From that point forward, appointments typically involve: discussions of progress, exploration of emerging insight, expressive activities (non verbal interventions such as art), skill learning and relational check-ins (monitoring your relationship with your therapist).  A sacred space is created where you can be fully who you are, saying/expressing exactly what you need to say with privacy and no judgment.  Your therapist guides these interactions according to the goals you established at the beginning, though those goals may be adjusted along the way.  Each time we meet, you create action plans for applying what happens in therapy to your daily life.  It is these experiments in your world that become a main topic of our meetings – determining what is working, what is not and why.  Clients always have control over what they wish to discuss though your therapist will challenge the areas you tend to avoid as they are often most relevant.  Even so, you are always in the driver’s seat.

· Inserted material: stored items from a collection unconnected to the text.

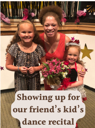
Showing up for our friend's kid's dance recital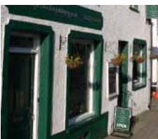
Broughton Broughton Village Bakery Princes St Broughton in Furness Cumbria LA20 6HQ.

The Sunday meetings commence from 9.30am and frequently we depart at 11am on an ad-hoc ride out. Please read postings on the Forum for any suggested ride-out routes.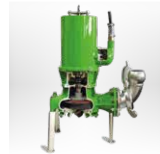
MAGNUM CSPH Submersible motor pump gear unit design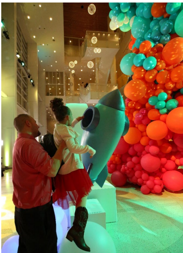
Family leaving a note in Primary Promise rocket time capsule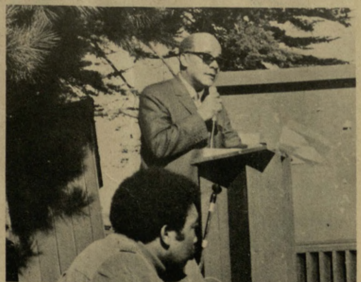
Novelist John O. Killens speaking on the role of the black writers

Killens was sponsored by the College Lecture Series to speak in the Main Auditorium but he rescheduled his appearance to the Speaker's Platform "to be with the peo-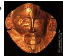
Mask of Agamemnon

http://www.pantheon.org/mythical/areas/greek_heroic/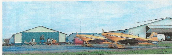
We always like to see the Vanguards RV-3s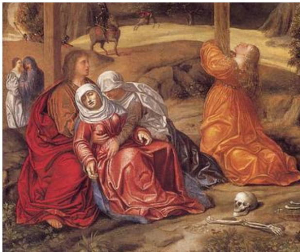
Fig.10: Savoldo, Crucifixion (detail), ca. 1520, formerly Piero Corsini Gallery, New York, image via Wikicommons

The silvery-white or dark gold colors of Savoldo's veils also had Marian associations for the north Italian viewer in the early Cinquecento. His use of an oil-based lead white for the London Magdalene reflects the desire of painters to capture the luminous effects of silk and velvet, materials suggestive of great luxury and status. 25 The Brescian artist continues the trend begun by Giovanni Bellini in works such as his Circumcision of ca. 1500 (Fig. 11) to lighten the veil from its traditional darker blue in order to achieve such shimmering effects—analogueous to Venetian mosaics—that the new medium made possible. A few years later Titian's Gypsy Madonna of ca. 1510 (Kunsthistorisches Museum, Vienna) featured a mantle of silvery blue lined in gold (in combination with a white veil), contrasting with her red dress (Fig. 12). 26 One notes the way in which Savoldo also repeatedly clothes the Virgin Mary in silvery satin veils of varying lengths over red dresses, as seen in his versions of the Adoration and of the Flight into Egypt (Figs. 5 and 6). Girolamo Romanino, his slightly younger Brescian compatriot (c.1484-c.1560), cloaks his Virgin of ca. 1545 in a sumptuous mantle of white silk over red, perhaps in competition with Savoldo's virtuoso displays of painted fabric (Fig. 13). 27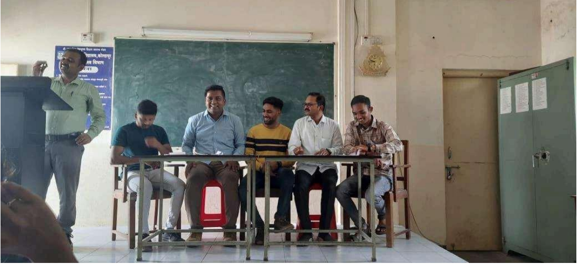
Pannel Discussion - April, 2024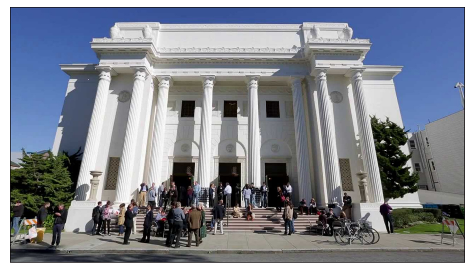
Fig. 1: A former Christian Science church, the Internet Archive's headquarters is located at 300 Funston Avenue, San Francisco.

Though the Internet Archive is more than a nineteenth-century research library, it is one of the largest repositories of digitized nineteenth-century materials in the world. It is difficult to imagine doing research in nineteenth-century studies without using the Internet Archive . Freely available, the Archive 's holdings, its multiple digitized copies of single books, its interface with its word search, uploading and downloading functions, sound application, and beta-feedback are invaluable to nineteenth-century scholars worldwide. And the impact of the Internet Archive on teaching is just as important, both inside and outside the classroom.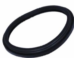
Gasket Vacuum Tank Lid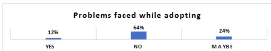
Figure no: 3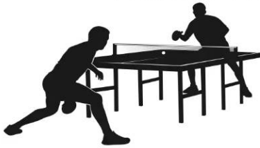
Table Tennis 6:30pm at the Hilltop Center on Mondays starting in February.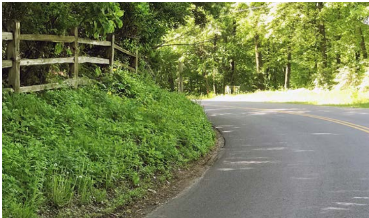
Above is the Maplewood Road curve facing south, the route walkers must take if abiding by pedestrian rules. This area is indicated by red circles on the maps below. A retaining wall will create a 5-foot setback to increase sight lines and provide walking space for pedestrians.

You may track your absentee ballot at MNVotes.org from the time it leaves your hands until it is counted.

There is no standard length of time for therapy.  The number of sessions clients come in for varies wildly. Much depends on the complexity of their goals and the depth they are willing to go in transformation of self.  Some clients reach a satisfactory level of growth after a few months…some clients who wish to tackle long-term, traumatic issues attend therapy for years – albeit spaced out such as monthly appointments.  Again, you determine how far you want to go and for how long. Hopefully, this helps bring clarity to the therapy process.  We are much more likely to take a new path if we have some idea of what to expect!